Material and methods

The study was conducted in Uusimaa, at a study area with suitable tawny owl nest boxes of approximately 300 km2 (centre of study area 60.24696, 24.28244). The area consists of a mosaic of agricultural land, spruce-dominated and mixed forests and lakes and streams. The landscape and habitat configuration is similar in territories inhabited by grey and brown tawny owl males (Schenk 2018). Approximately one hundred nest boxes were placed in mixed forest areas with a relatively high proportion of deciduous trees. Nest sites were visited 3–5 times during the breeding season to collect information about clutch size, timing of hatching and hatching success and to conduct parental trapping and offspring ringing prior to fledging (see Karell et al. (2009a) for details on general protocol). Brood size equals the number of ringed fledglings. Both parents were trapped at the nest box during the nestling period, aged, measured (wing length and mass) and ringed to allow individual identification (Karell et al. 2009a). Plumage colour was scored in adults using a semi-continuous score based on the degree of reddish-brown colouration in four body parts: facial disc, back, breast and general appearance. From this overall score, we then categorised each individual as either grey or brown morph (Brommer et al. 2005). It was not possible to record morphometric data blind because our study involved focal animals in the field.

After each breeding event, the nest material (sawdust-wood chips layer in which the prey remains and regurgitated pellets accumulate) is collected and replaced with a fresh layer in each nest. Tawny owl young regurgitate the undigested parts of the prey, bones and fur or feathers in pellets, which accumulate and mix in with the nest material. In 2013–2018, we identified the prey remains from 38 nests in which both parents were identified, and which successfully produced fledglings.

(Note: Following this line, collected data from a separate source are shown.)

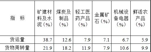 貨運量的主要貨類構成中,“礦建材料及水泥”占比最高,為38.7%;其次是“煤炭及制品”,占比12.6%;“輕工醫(yī)藥產品”“金屬礦石”“機械設備電器”“鮮活農產品”等貨類次之,占比分別為7.9%、7.1%、6.7%和5.9%。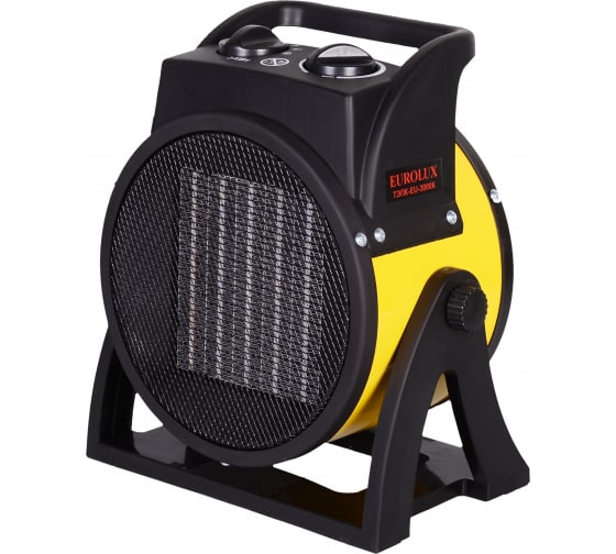 Тепловая электрическая пушка Eurolux ТЭПК-EU-3000K керамический нагревательный элемент, круглая предназначена для вентиляции и обогрева жилых и производственных помещений, складов, гаражей, а также для обогрева и сушки в строительстве. Прибор относится к тепловым пушкам круглого типа. Нагревательный элемент - керамический. Данная модель рассчитана на питание от электросети переменного тока частотой 50 Гц, номинальным напряжением 220-230В (однофазная). Устанавливается на полу.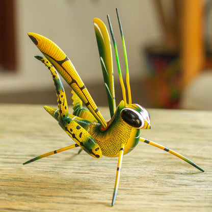 Yellow Good Luck Cricket Wood Alebrije Cricket Sculpture in Yellow from Mexico
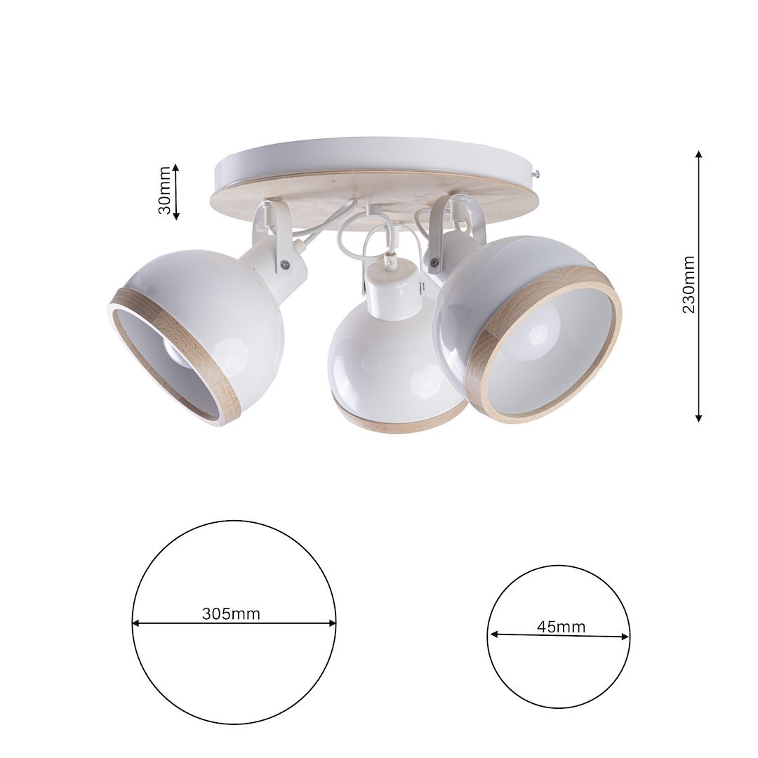 Rozsáhlá kolekce svítidel Oval White zahrnuje až 11 různých typů osvětlení. Rodina zahrnuje malou nástěnnou lampu a stojací lampu, jakož i stropní svítidla v různých konfiguracích: závěsná svítidla s jedním, třemi a pěti světelnými body, na liště se třemi, čtyřmi a pěti světelnými body a na kruhové základně se třemi světelnými body nebo se třemi a pěti světelnými body namontovanými na ramenech. Harakteristickým prvkem celé kolekce je moderní kulovitý tvar. Kromě kovového provedení mají svítidla stylové dřevěné detaily - kroužky na konci stínidel a na ramenech a podstavcích jednotlivých modelů. Dřevěné vložky zateplují celý styl. Představená kolekce se bude skvěle hodit do moderních interiérů, které se vyznačují jednoduchostí a monochromatickými, černobílými barvami. Kombinací jednotlivých modelů můžete vytvořit ucelené a kompletní uspořádání. Výrobce poskytuje na svítidla dvouletou záruku. |

The sawdust and prey remains were sorted according to the method described in Brommer et al. (2003) and Kekkonen et al. (2008). In short, bones were defined as right and left side when possible and paired, which yields a least estimation of individual numbers. Mammals were identified on species or genus level, while birds were sorted into groups according to their size: large birds, thrush-sized birds, finch-sized birds and smaller warbler-sized birds following the guidelines by Juutilainen (1998), Siivonen and Sulkava (2002) and Bjärvall and Ullström (2010). The number of individuals of each species or group was counted from the most numerous bones. To minimise observer bias, blinded methods were used when prey remains were recorded and analysed.

In order to get an estimate of the prey mass of the different prey types delivered to the nest, we multiplied average mass of species or group (Supplementary Table 1) with the number of items counted from the remains (average number of prey delivered: 56.9 ± 5.7 SD). The number of items is always the least estimation, as the mother, which shares the food in the nest box, may eat some of the prey and regurgitate the pellets outside of the nest box. In addition, the smallest bone parts may be lost. This method gives good estimates of the parental prey delivery in Strix owls (Brommer et al. 2003; Karell 2007; Kekkonen et al. 2008; Karell et al. 2009b).

We studied the mass of the prey delivered per nest instead of number of prey items as this better corresponds to dietary requirements, resource use and net energetic value of the prey. For example, mammalian prey of tawny owls in our study area range commonly between 7 g (common shrew, Sorex araneus) and 257 g (rat, Rattus norvegicus) and everything in between (see Supplementary Table 1). For this reason, prey mass gives a more complete estimate of the diet the tawny owls provide to their nestlings compared to the number of prey items.

In tawny owls, males are the main food providers for the brood, whereas the females incubate and defend the nest (Mikkola 1983; Sasvári et al. 2000; Sunde et al. 2003). Males engage in courtship feeding of the female to attract her to lay eggs (Mikkola 1983). In this way males have a significant impact on the timing of breeding in tawny owls (Brommer et al. 2015). Halfway in the nestling period, when the chicks begin to thermoregulate well and are able to eat the prey items independently, the female begins to guard the nest from the outside and also contribute in food provisioning. Here, we consider that the males contribute to the reproductive output of the female (brood size) and that variation in prey delivered to the nest in the nestling period is mainly attributed to characteristics in the males (see “Statistical methods” section below).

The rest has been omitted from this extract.